***** Provided data
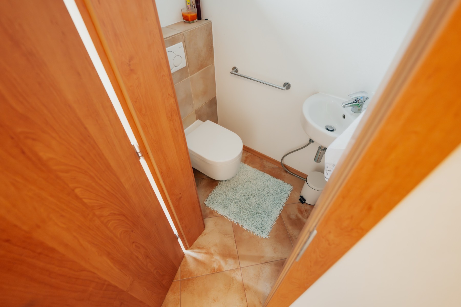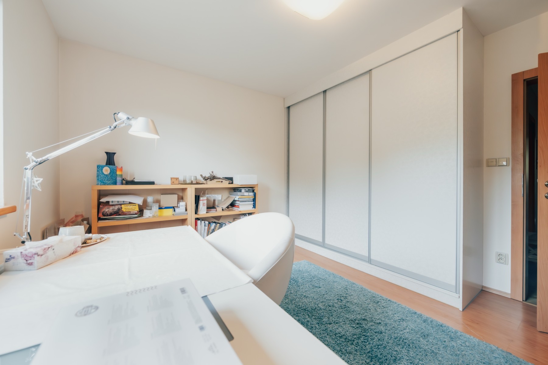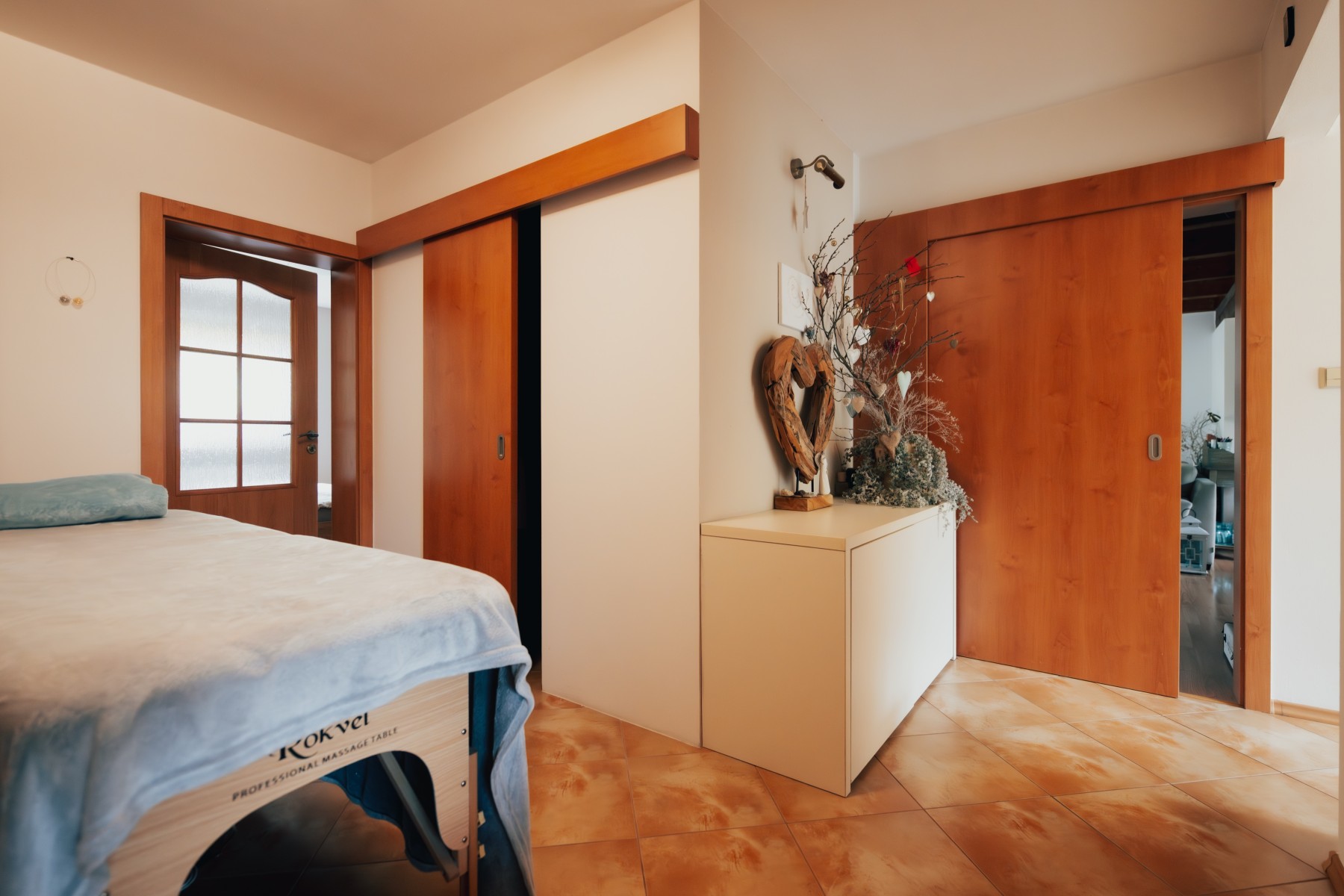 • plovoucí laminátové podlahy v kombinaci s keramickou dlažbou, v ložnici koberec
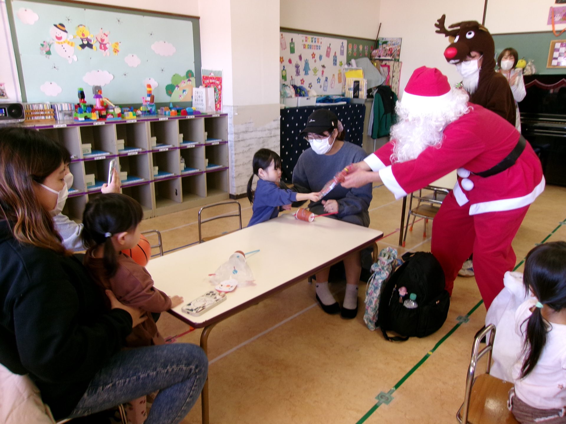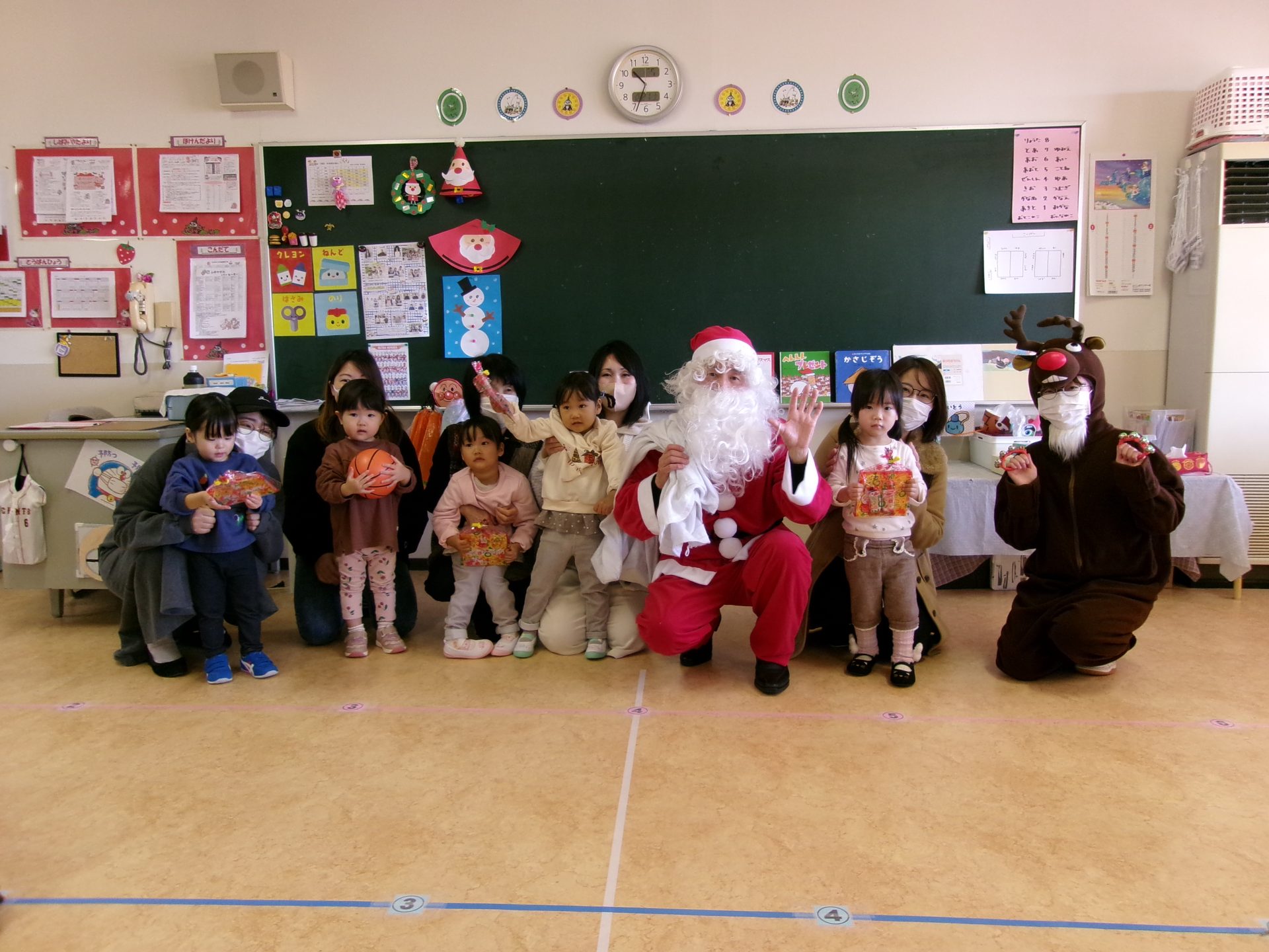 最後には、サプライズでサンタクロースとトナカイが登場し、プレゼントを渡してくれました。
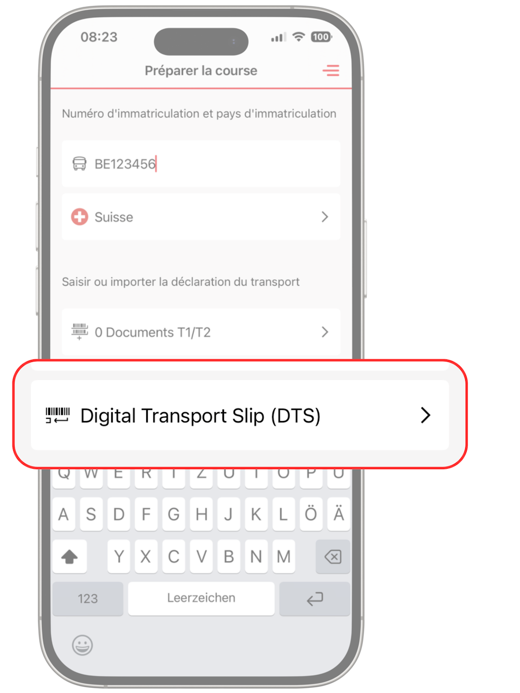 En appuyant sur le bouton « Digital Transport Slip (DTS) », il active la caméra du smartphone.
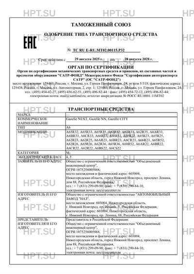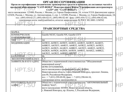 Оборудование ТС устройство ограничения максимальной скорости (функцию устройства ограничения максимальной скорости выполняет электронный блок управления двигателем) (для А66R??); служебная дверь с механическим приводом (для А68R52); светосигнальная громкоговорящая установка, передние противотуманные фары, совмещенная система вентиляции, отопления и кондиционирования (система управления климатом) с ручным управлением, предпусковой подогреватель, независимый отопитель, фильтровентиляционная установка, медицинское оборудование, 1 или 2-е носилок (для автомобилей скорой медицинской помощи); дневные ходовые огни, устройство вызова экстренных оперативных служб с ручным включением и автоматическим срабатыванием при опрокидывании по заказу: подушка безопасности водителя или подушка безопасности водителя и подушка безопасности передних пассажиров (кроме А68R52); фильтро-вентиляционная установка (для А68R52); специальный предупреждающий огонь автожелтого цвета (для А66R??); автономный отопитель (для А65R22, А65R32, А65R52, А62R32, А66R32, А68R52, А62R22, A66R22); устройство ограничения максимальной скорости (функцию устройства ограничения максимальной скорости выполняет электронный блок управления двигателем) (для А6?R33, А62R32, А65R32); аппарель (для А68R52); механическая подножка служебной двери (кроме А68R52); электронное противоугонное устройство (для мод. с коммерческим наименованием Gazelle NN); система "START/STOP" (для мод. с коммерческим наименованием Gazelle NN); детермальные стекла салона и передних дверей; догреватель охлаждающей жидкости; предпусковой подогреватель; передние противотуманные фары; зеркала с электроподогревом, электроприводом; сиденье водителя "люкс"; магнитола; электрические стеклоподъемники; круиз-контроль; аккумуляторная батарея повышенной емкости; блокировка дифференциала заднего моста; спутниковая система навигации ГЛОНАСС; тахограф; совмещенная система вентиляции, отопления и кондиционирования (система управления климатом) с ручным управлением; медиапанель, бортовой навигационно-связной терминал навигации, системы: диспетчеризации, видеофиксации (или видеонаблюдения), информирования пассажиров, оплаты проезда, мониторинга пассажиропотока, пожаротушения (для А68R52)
**********
***** Provided data
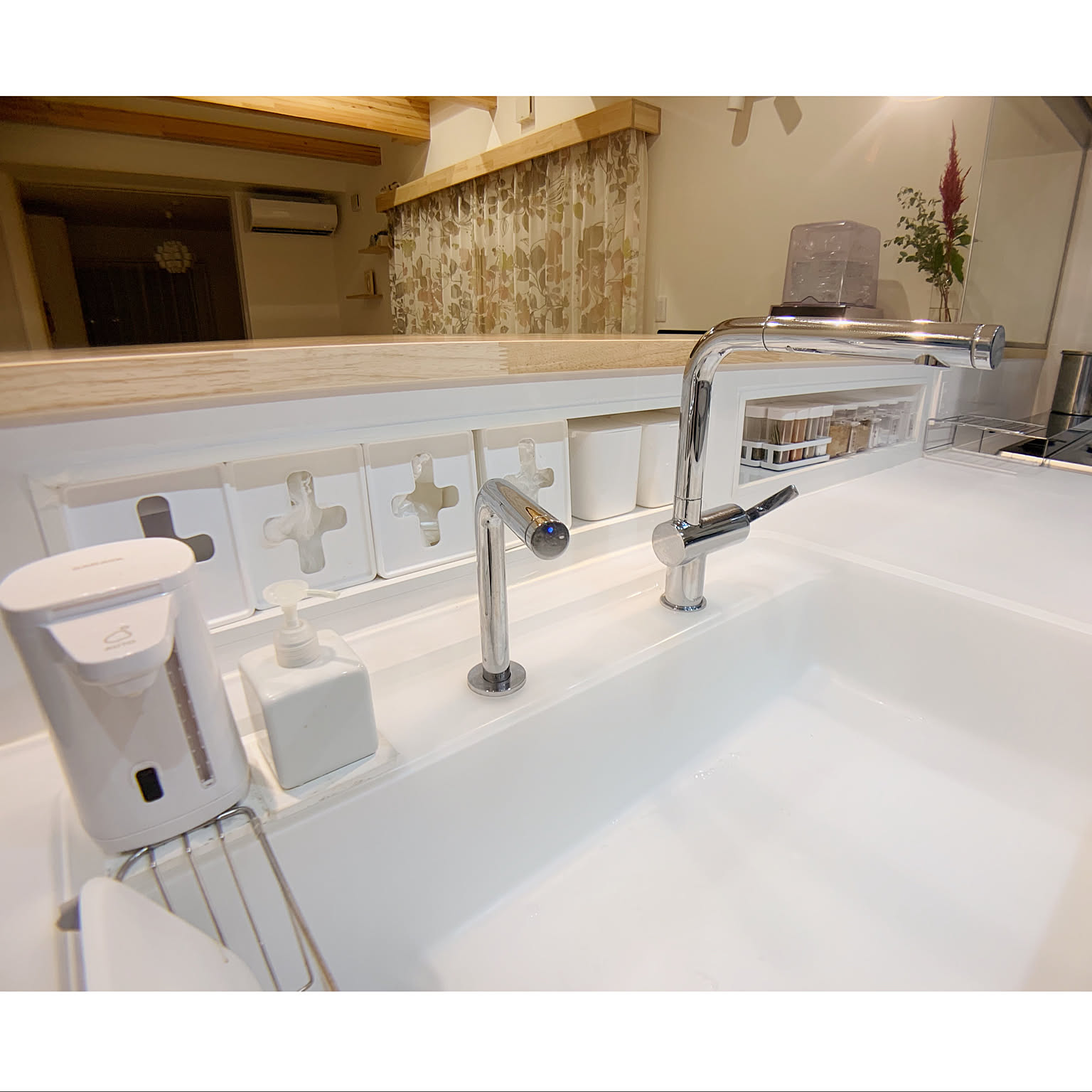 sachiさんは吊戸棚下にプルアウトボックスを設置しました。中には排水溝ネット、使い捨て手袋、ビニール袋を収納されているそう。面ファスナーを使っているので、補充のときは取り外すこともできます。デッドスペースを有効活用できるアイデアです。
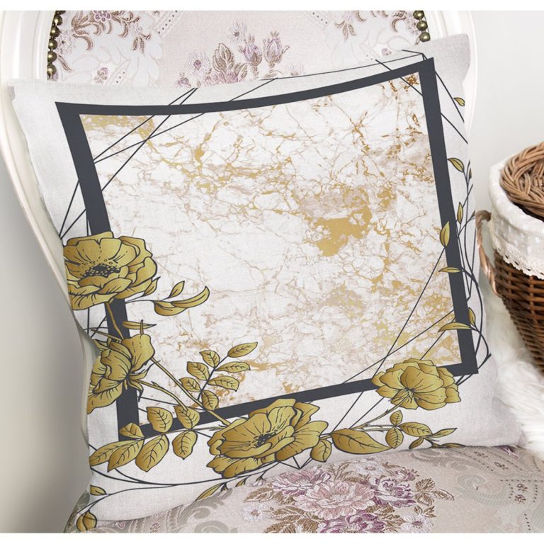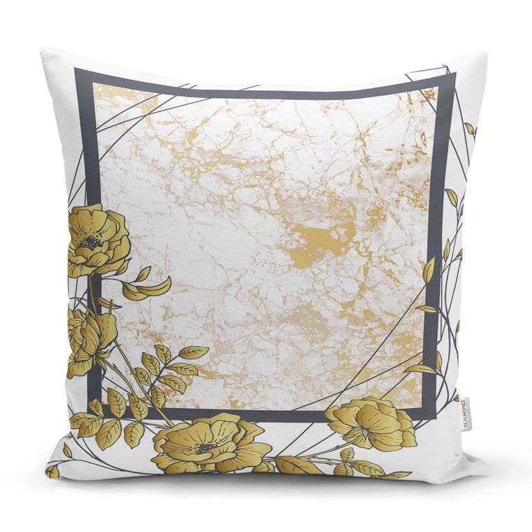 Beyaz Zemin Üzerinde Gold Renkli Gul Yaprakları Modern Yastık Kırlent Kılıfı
**********
***** Provided data
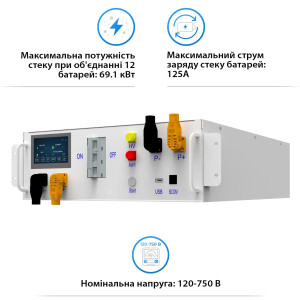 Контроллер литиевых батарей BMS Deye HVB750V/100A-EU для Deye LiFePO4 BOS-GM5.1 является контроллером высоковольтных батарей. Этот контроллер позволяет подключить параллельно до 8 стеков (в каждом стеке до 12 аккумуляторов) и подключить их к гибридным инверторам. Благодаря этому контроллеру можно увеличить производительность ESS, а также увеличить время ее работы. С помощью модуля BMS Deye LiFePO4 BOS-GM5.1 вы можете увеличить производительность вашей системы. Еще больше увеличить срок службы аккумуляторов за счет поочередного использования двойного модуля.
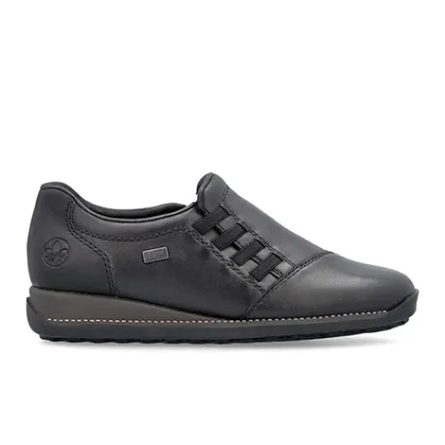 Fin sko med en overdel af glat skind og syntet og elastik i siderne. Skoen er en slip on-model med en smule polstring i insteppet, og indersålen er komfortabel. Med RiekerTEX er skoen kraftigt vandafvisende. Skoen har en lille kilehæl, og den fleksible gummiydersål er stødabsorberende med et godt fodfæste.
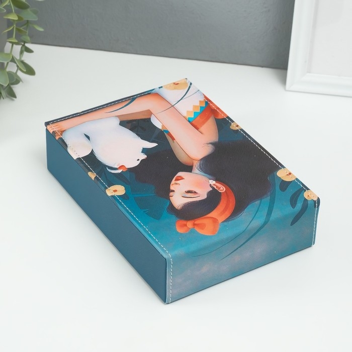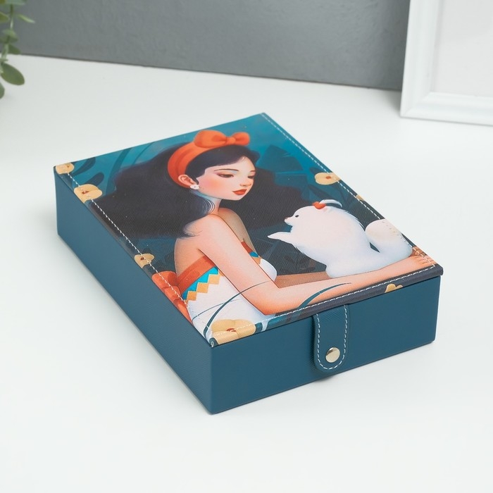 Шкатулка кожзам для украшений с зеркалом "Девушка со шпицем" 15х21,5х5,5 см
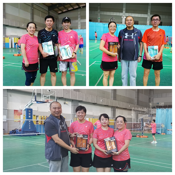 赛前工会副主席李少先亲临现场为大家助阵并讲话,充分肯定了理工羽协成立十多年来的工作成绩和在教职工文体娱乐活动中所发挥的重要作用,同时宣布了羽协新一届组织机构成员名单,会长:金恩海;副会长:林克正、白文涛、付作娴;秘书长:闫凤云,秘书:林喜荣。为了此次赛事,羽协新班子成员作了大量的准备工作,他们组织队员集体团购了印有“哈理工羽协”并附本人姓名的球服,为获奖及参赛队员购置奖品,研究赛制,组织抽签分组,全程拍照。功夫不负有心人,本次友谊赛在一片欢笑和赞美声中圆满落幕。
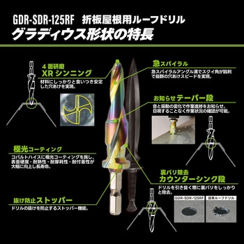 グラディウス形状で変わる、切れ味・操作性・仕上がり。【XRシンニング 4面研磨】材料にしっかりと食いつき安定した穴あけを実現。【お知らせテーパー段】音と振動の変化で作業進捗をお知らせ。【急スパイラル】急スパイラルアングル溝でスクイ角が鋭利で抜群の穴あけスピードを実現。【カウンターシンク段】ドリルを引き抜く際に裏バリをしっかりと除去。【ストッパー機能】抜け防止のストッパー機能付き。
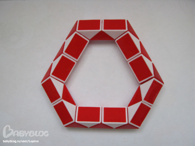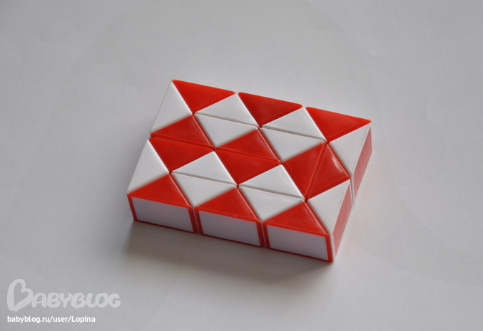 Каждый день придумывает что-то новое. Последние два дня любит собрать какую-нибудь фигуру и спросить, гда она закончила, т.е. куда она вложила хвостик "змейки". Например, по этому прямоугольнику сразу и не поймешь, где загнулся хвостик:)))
**********
### [About this task]
In the data above, find the line containing "グラディウス形状で変わる、切" and the line containing "Каждый день придумывает". Repeat those two lines and everything between them exactly, minus the pictures.

### [Problem solution]
 グラディウス形状で変わる、切れ味・操作性・仕上がり。【XRシンニング 4面研磨】材料にしっかりと食いつき安定した穴あけを実現。【お知らせテーパー段】音と振動の変化で作業進捗をお知らせ。【急スパイラル】急スパイラルアングル溝でスクイ角が鋭利で抜群の穴あけスピードを実現。【カウンターシンク段】ドリルを引き抜く際に裏バリをしっかりと除去。【ストッパー機能】抜け防止のストッパー機能付き。
 Каждый день придумывает что-то новое. Последние два дня любит собрать какую-нибудь фигуру и спросить, гда она закончила, т.е. куда она вложила хвостик "змейки". Например, по этому прямоугольнику сразу и не поймешь, где загнулся хвостик:)))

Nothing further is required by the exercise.